The SAG awards show and a remastered album from Marvin Gaye are  also among the week’s best offerings.
/ Source: msnbc.com contributor

Movies

Iamge: Cloverfield
Paramount Pictures

OK, so the clever “Blair Witch”-style promotional campaign is finally over. We don’t have to watch little clips of a cell phone video and a mysterious monster anymore. Now we can watch an entire 85-minute feature film of a cell phone video and a mysterious monster. The reviews are in and they’re mostly positive. The audiences have lined up dutifully to shell out their entertainment dollar. “Cloverfield” has set records for the weekend. And you know what’s coming next, don’t you? Imitators. Between now and next year, there will be at least 10 to 15 scary stealth campaigns to hype new monster movies. So get in on the ground floor now of this monster mash before you get eaten alive. (Paramount Pictures, in theaters now)

Television

Image: Screen Actors Guild awards
Unfinished statuettes cast in solid bronze seen before a green-black patina finished is applied, called \"The Actor\" are created for Screen Actors Guild (SAG) at the American Fine Arts Foundry in Burbank, Calif., Thursday, Jan. 17, 2008. The Actor weighs 12 pounds and stands 16 inches tall. The 14th Annual Screen Actors Guild Awards ceremony, honoring the best in film and television acting for 2007, will take place on Sunday, Jan. 27, in Los Angeles. (AP Photo/Damian Dovarganes)Damian Dovarganes / AP

Some awards shows are worth watching, others are not. At this moment, however, there aren’t many to choose from. Usually at this time of year, the high-end goodie bags are flowing, and so are the post-ceremony cocktails. But because of the writers’ strike, many of the awards shows have been cancelled. But the 14th Annual Screen Actors Guild Awards will go on, because they and the writers are kindred spirits – not to mention bargaining pals – and the WGA gave SAG the green light.
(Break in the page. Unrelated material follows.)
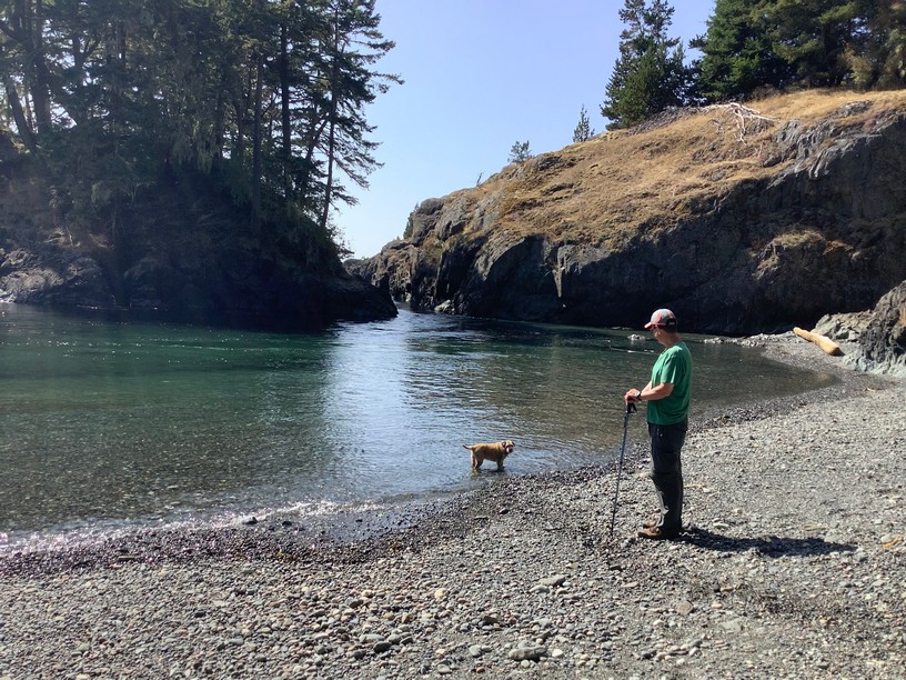 After hours of hiking we were close to the turnaround point. The “trap shack” was the marker where we would head back through the forest. Just before we reached the trap shack, we visited a small cove below it.

The SAG awards are a lot of fun anyway, even in a crowded awards landscape. Actors know how to party and to give kudos that don’t sound like they’ve been scripted, with or without a writers’ strike. (TNT, Sunday, Jan. 27, 8 p.m.)

Music

Image: Marvin Gaye's 'Here, My Dear.'
Hip-o Select

Marvin Gaye made an album in 1978 called “Here, My Dear,” that was buried and forgotten. Most of the songs had to do with his messy divorce from wife Anna, who was the sister of Motown head and founder Berry Gordy. The label didn’t promote it, and critics ignored it. But it’s one of Gaye’s best, mixing rhythm and blues with elements of funk, soul, jazz and pop in a creative concoction that is spiced heavily with the bitterness of a failed relationship yet still is musically uplifting. Some of the highlights include the nine-minute “A Funky Space Reincarnation” and “You Can Leave, But It’s Going to Cost You.” This new, digitally remastered two-disc set has the original album on the first disc plus a second one of remixes by a group of contemporary artists and producers. The two discs together are a marriage made in musical heaven. (Hip-O Select)

DVD

Image: This Sporting Life
Criterion Collection

Lindsay Anderson drew acclaim for some documentary shorts he made early in his filmmaking career. It was that attraction to gritty realism, and a belief that all classes of British life should be examined on film, that led to some memorable works. One of his best is “This Sporting Life,” which stars a young Richard Harris as a sullen coal miner who excels at rugby. Even though he begins to fall in love, he has trouble finding happiness in his bleak surroundings. “This Sporting Life” is out on DVD this week with the full Criterion treatment: a two-disc set that includes a newly restored high-def transfer of the film, Anderson’s first documentary short from 1948, “Meet The Pioneers” and much more. Paul Greengrass is carrying on this tradition of realism today, but he is doing so thanks to pioneering directors like Anderson. (Criterion Collection)

Books

Image: Every Last Cuckoo
Algonquin Books

In grief, many people withdraw. That may have been Sarah Lucas’ first instinct after the 75-year-old resident of rural Vermont lost her husband, Charles, because of an injury during a tough winter. Instead, Sarah recalled her days growing up during the Depression, when her parents took in boarders and shared what they had. Sarah decides to do the same with a strange collection of misfits in “Every Last Cuckoo,” the debut novel by Kate Maloy. Sarah’s choice to fill up her empty house brings with it some unexpected developments, each making her life richer in some way. Maloy wrote a well-received memoir called “A Stone Bridge North” about her Quaker faith and life in Vermont. “Every Last Cuckoo” is an impressive step in a new literary direction. (Algonquin Books)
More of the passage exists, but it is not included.